The doors open and they stumble inside, kissing and groping each other with the eagerness of two teenagers whose parents just left for the weekend. They seem to be completely oblivious to the fact that there are other passengers on this train. The man slams the woman up against the far window, pushing his whole body into her and running his hand up and down her side.

So much for Jimmy’s bingo card.

Xander and I exchange a flabbergasted look. Both of us completely unsure what to do. Should we change cars to give them some privacy? What if they start having full-on sex right here? I guess that’s one way to pass the time.

How many babies are born nine and a half months after historic snowstorms?

The musical interlude plays over the speaker, pulling both of our focuses toward the ceiling. “The doors are closing. This train is departing. Please keep clear and hold on for departure to all A gates.”

The woman lets out a gasp in response. When I look over, her head is tipped back and the man has his face buried in her neck.

Xander covers his mouth, trying not to laugh aloud for fear of interrupting them. But seeing him fight so hard is making it even harder for me. I bite my lip, but it’s not working. The uncontrollable giggles are building up. Xander shoots me a warning look.

Don’t do it, his eyes plead. If you lose it, I’ll lose it.

The first snicker erupts, pushing its way out of my clenched jaw in the form of a ridiculous-sounding snort. Xander lunges at me, pressing his hand against my mouth, trapping the laughter inside.

Meanwhile, on the other side of the train, the couple is kissing again, moaning so loudly, it’s echoing in my ears.

Xander and I are both so focused on not breaking into fits of uncontrollable laughter, that neither one of us is prepared for the train’s next shift. The one we both know so well by now.

The automated brakes kick in, lurching the train back, and both of us forward. Then suddenly, we’re flying, out of control, foot over useless stumbling foot, heading right toward the kissing couple.
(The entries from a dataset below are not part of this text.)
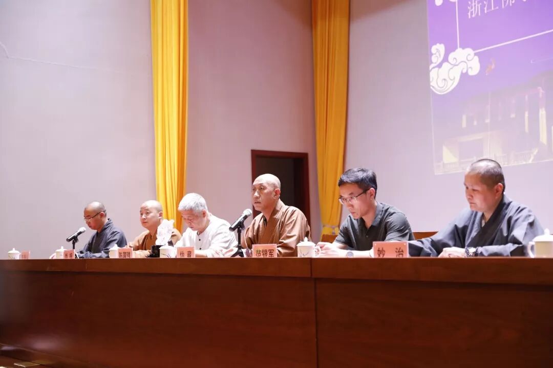 6月21日下午,浙江佛学院全体师生齐聚知行楼阶梯教室参加2019届预科班毕业典礼,奉化区委统战部副部长、区民宗局局长范银军应邀出席,浙江省佛教协会会长、浙江佛学院院长怡藏大和尚,顾问陈国强,副院长然相法师,副院长妙治法师,总务长究源法师等学院领导参加典礼。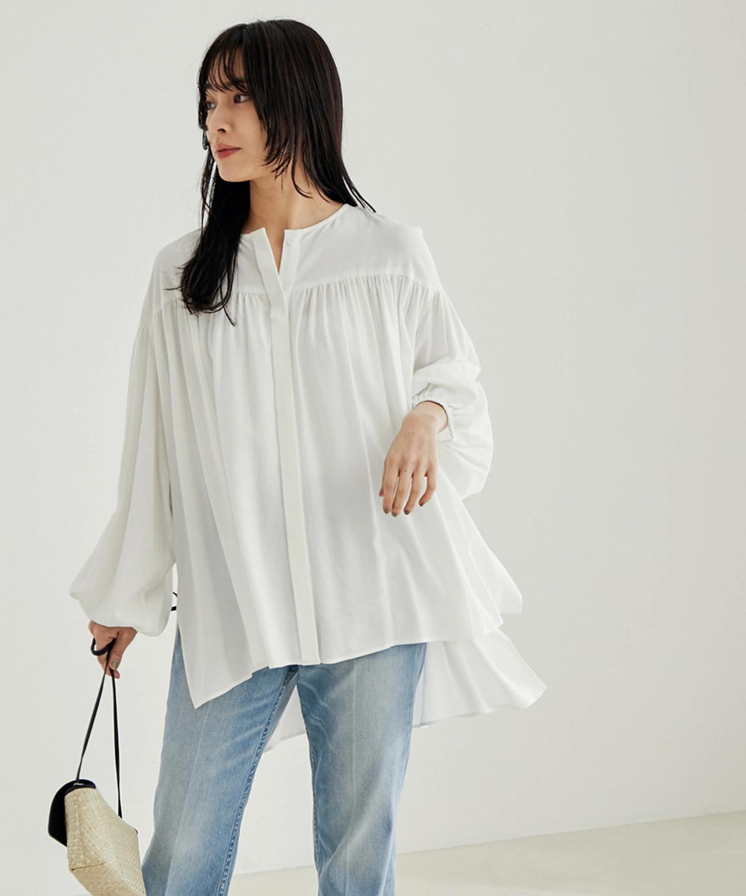 バルーンスリーブとニュアンスのあるギャザーが女性らしいチュニックブラウス。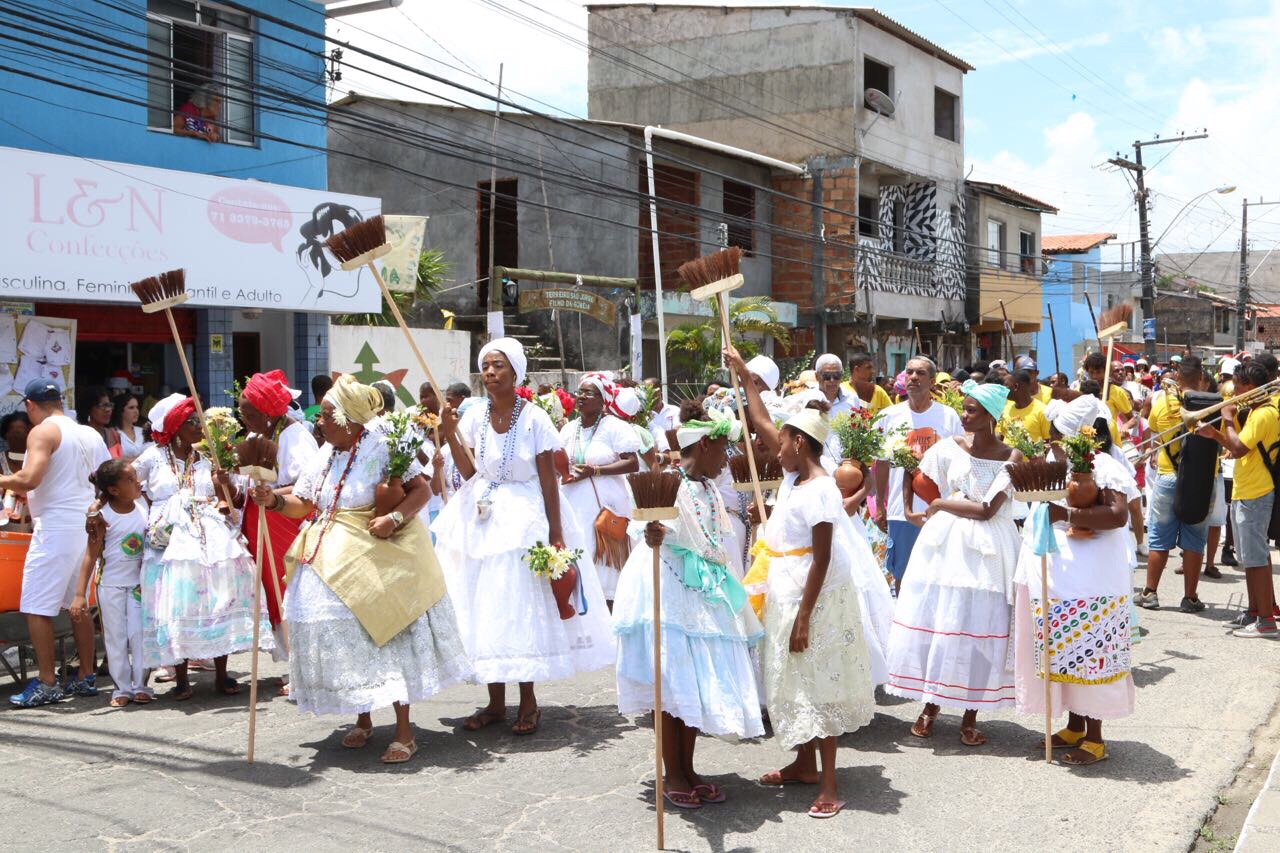 Mestre em cultura popular e moradora de Portão, dona Aidê, que deu nome a um dos circuitos da festa, desfilou no cortejo com seu grupo de dança. “É muito bom ser homenageada ainda em vida por fazer parte da história de Lauro de Freitas”.

“Please hold on. This train is approaching the A gates.”

The woman lets out another ridiculously loud gasp.

At the exact same moment, Xander and I both reach for the nearest handrail, admitting mutual defeat, but stopping ourselves just short of a very awkward collision.

We breathe out a synchronized sigh of relief just as the doors open and two uniformed police officers step inside.